YOUR TASK>
Every record that follows should be copied exactly. No picture belongs in the copy.

INPUT FOR THIS TASK>
══════════════════════════════

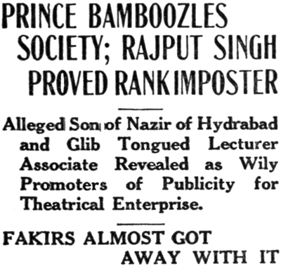 Jimmy Martin, couchant on a chaise longue in the royal suite of the Congress Hotel, had difficulty in persuading himself that he was wide awake and in full possession of all his senses. Opposite him sat the pseudo prince Rajput Singh in his shirt-sleeves, looking decidedly unromantic. The East Indian was talking rapidly and the inner import of the tale he was unfolding was of such a nature that Jimmy was aquiver with eager curiosity and aglow with anticipatory delight. He did not notice that the other’s eyes glinted unpleasantly as he spoke and that there was something positively repulsive about the smugly complacent manner in which he detailed the progress of his love affair with the wealthy sister of Junius P. Easton. All Jimmy could think of at the moment were the tremendous publicity possibilities inherent in the culmination of this incongruous romance.
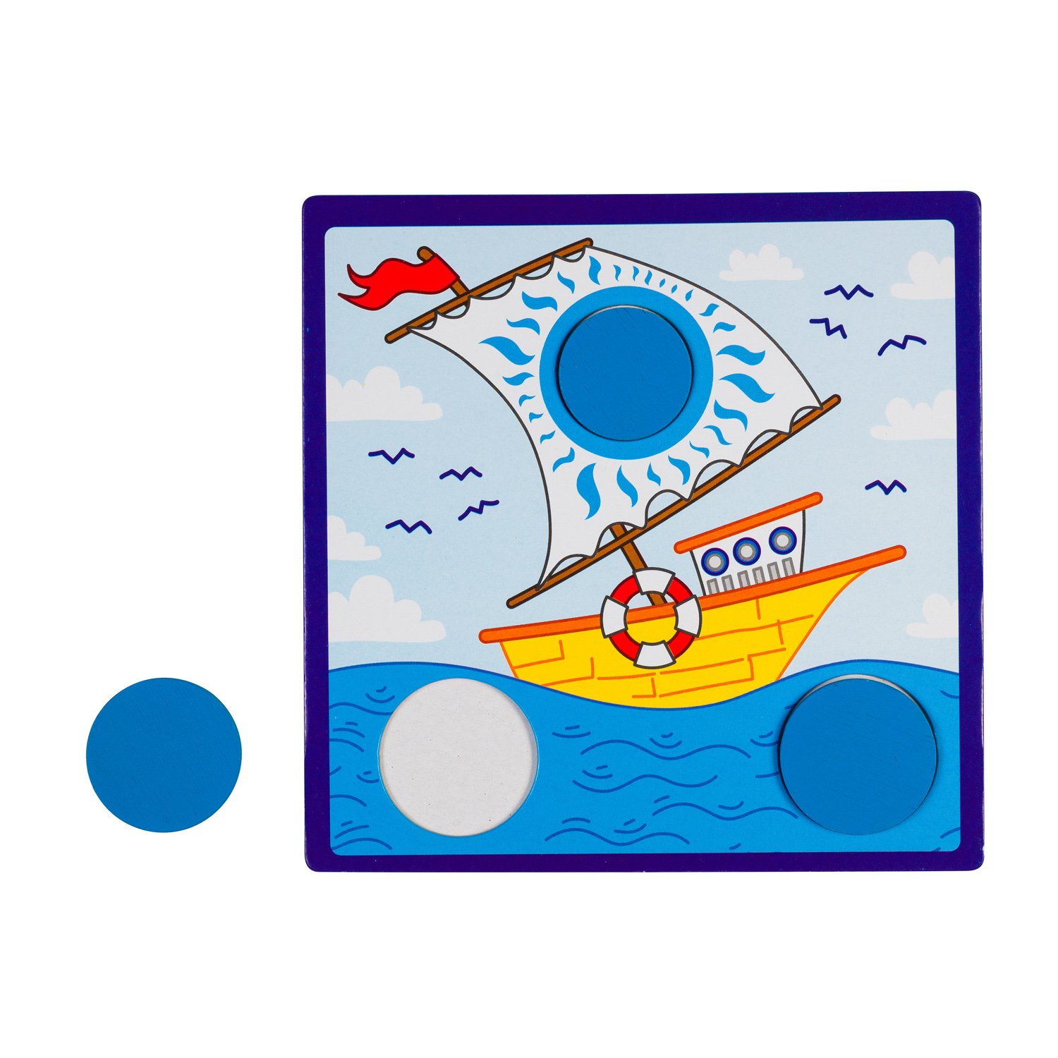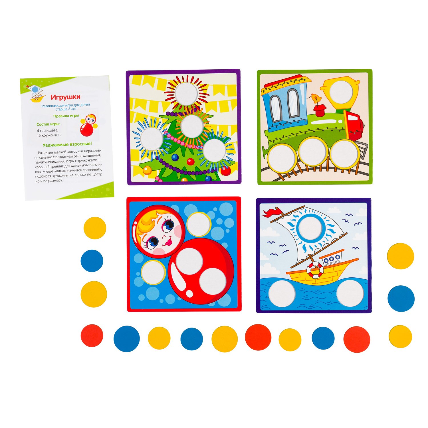 Игра из дерева «Игрушки» — увлекательная головоломка. Она состоит из небольших картонных планшетов, картинки на которых нужно дополнить деревянными кружочками.
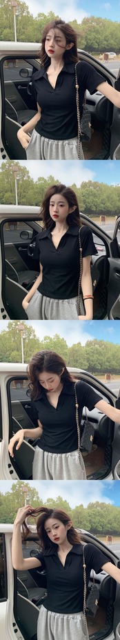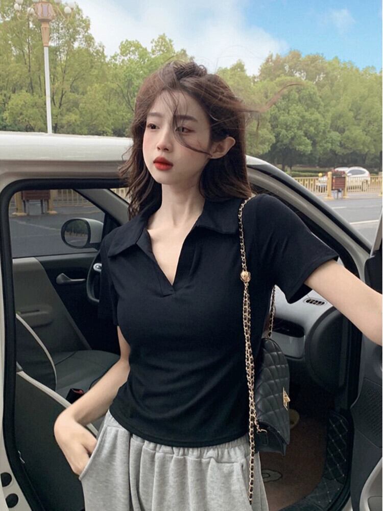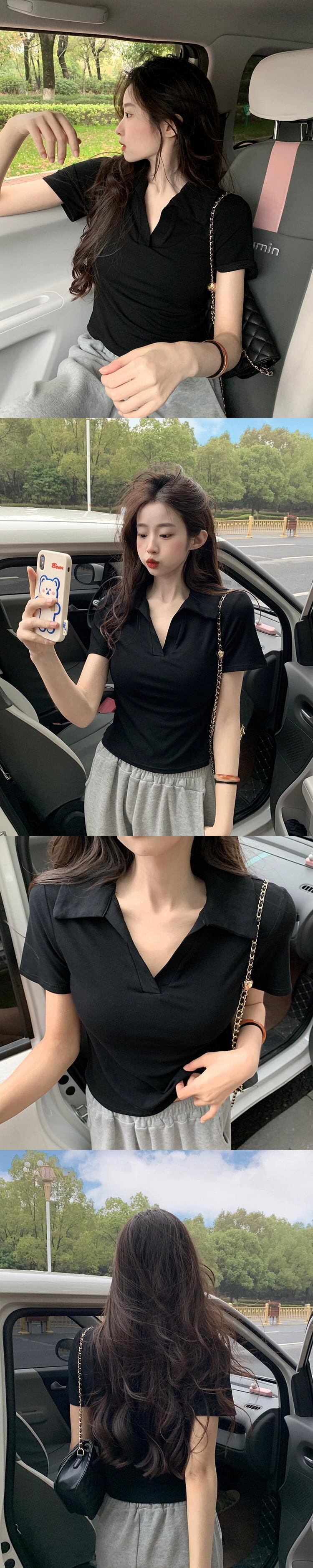 バージョンの無地オールマッチポロカラー半袖 Tシャツ女性の夏の 2023 新しいスリムスリムファッションショートトップ サマー 夏物 ソリッドカラー 092193409222537
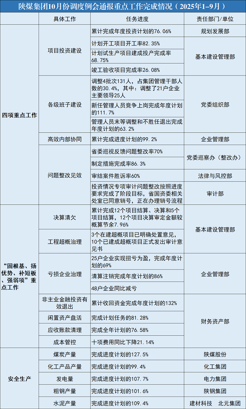 會議總結9月份重點任務完成情況,分析當前工作存在的問題和不足,安排10月份重點工作;相關職能部門分別匯報了項目投資建設,高效協同發展,各級領導班子建設,巡視巡察、內部審計、涉訴案件問題整改及安全環保、生產經營、閑置資產盤活、虧損企業治理等重點工作推進情況。張文琪逐一對各部門工作進展進行點評,肯定成績、指出問題,并對下階段工作提出明確要求。
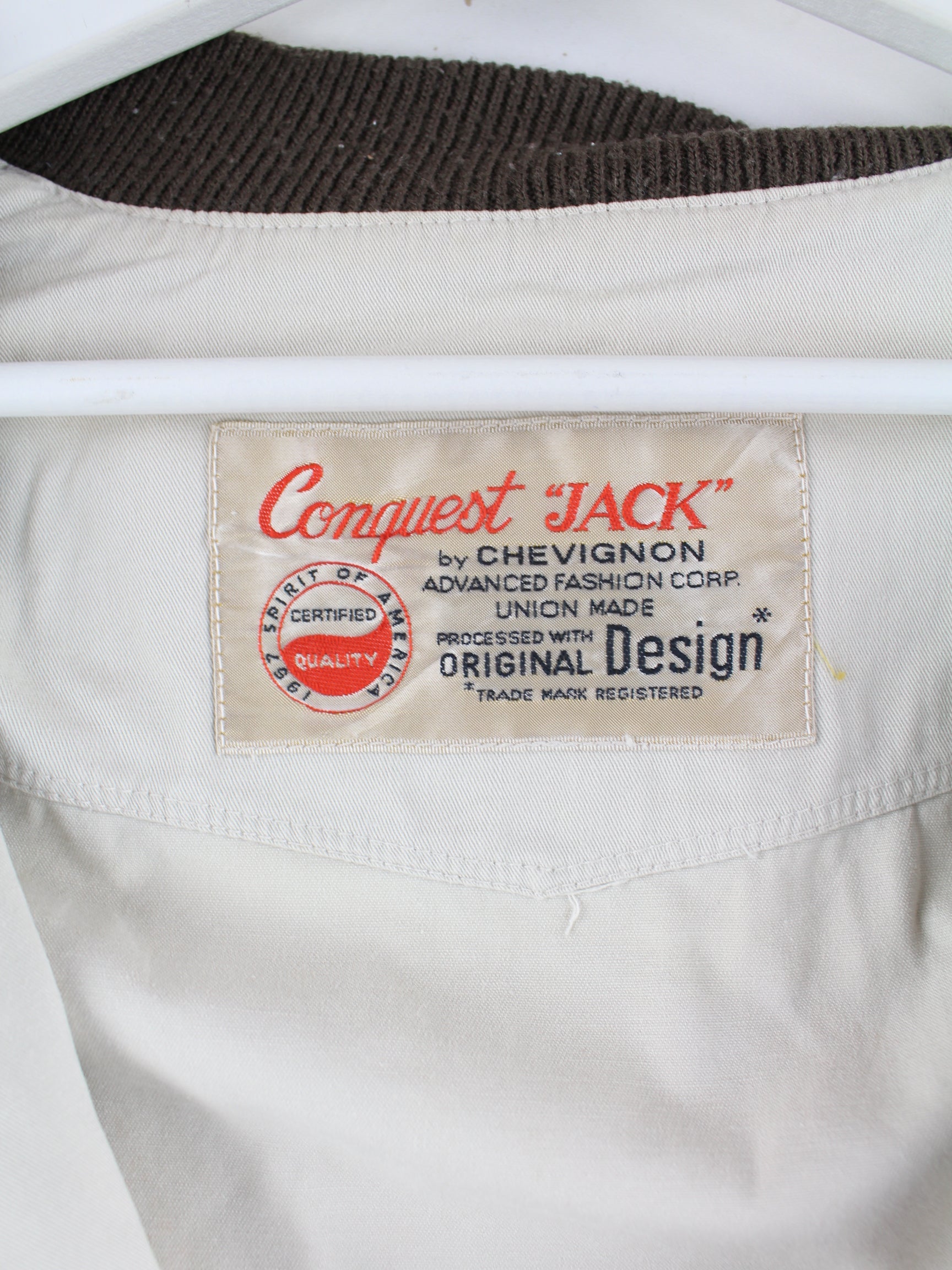 Beigefarbene Leichte Jacke vom Label Chevignon aus den 90'ern in Größe XS. Sie ist aus einer Baumwollmischung hergestellt und in sehr gutem Zustand im Bestand. Mit schickem Vintage Print.

══════════════════════════════

ANSWER FOR THE TASK>
 Jimmy Martin, couchant on a chaise longue in the royal suite of the Congress Hotel, had difficulty in persuading himself that he was wide awake and in full possession of all his senses. Opposite him sat the pseudo prince Rajput Singh in his shirt-sleeves, looking decidedly unromantic. The East Indian was talking rapidly and the inner import of the tale he was unfolding was of such a nature that Jimmy was aquiver with eager curiosity and aglow with anticipatory delight. He did not notice that the other’s eyes glinted unpleasantly as he spoke and that there was something positively repulsive about the smugly complacent manner in which he detailed the progress of his love affair with the wealthy sister of Junius P. Easton. All Jimmy could think of at the moment were the tremendous publicity possibilities inherent in the culmination of this incongruous romance.
 Игра из дерева «Игрушки» — увлекательная головоломка. Она состоит из небольших картонных планшетов, картинки на которых нужно дополнить деревянными кружочками.
 バージョンの無地オールマッチポロカラー半袖 Tシャツ女性の夏の 2023 新しいスリムスリムファッションショートトップ サマー 夏物 ソリッドカラー 092193409222537
 會議總結9月份重點任務完成情況,分析當前工作存在的問題和不足,安排10月份重點工作;相關職能部門分別匯報了項目投資建設,高效協同發展,各級領導班子建設,巡視巡察、內部審計、涉訴案件問題整改及安全環保、生產經營、閑置資產盤活、虧損企業治理等重點工作推進情況。張文琪逐一對各部門工作進展進行點評,肯定成績、指出問題,并對下階段工作提出明確要求。
 Beigefarbene Leichte Jacke vom Label Chevignon aus den 90'ern in Größe XS. Sie ist aus einer Baumwollmischung hergestellt und in sehr gutem Zustand im Bestand. Mit schickem Vintage Print.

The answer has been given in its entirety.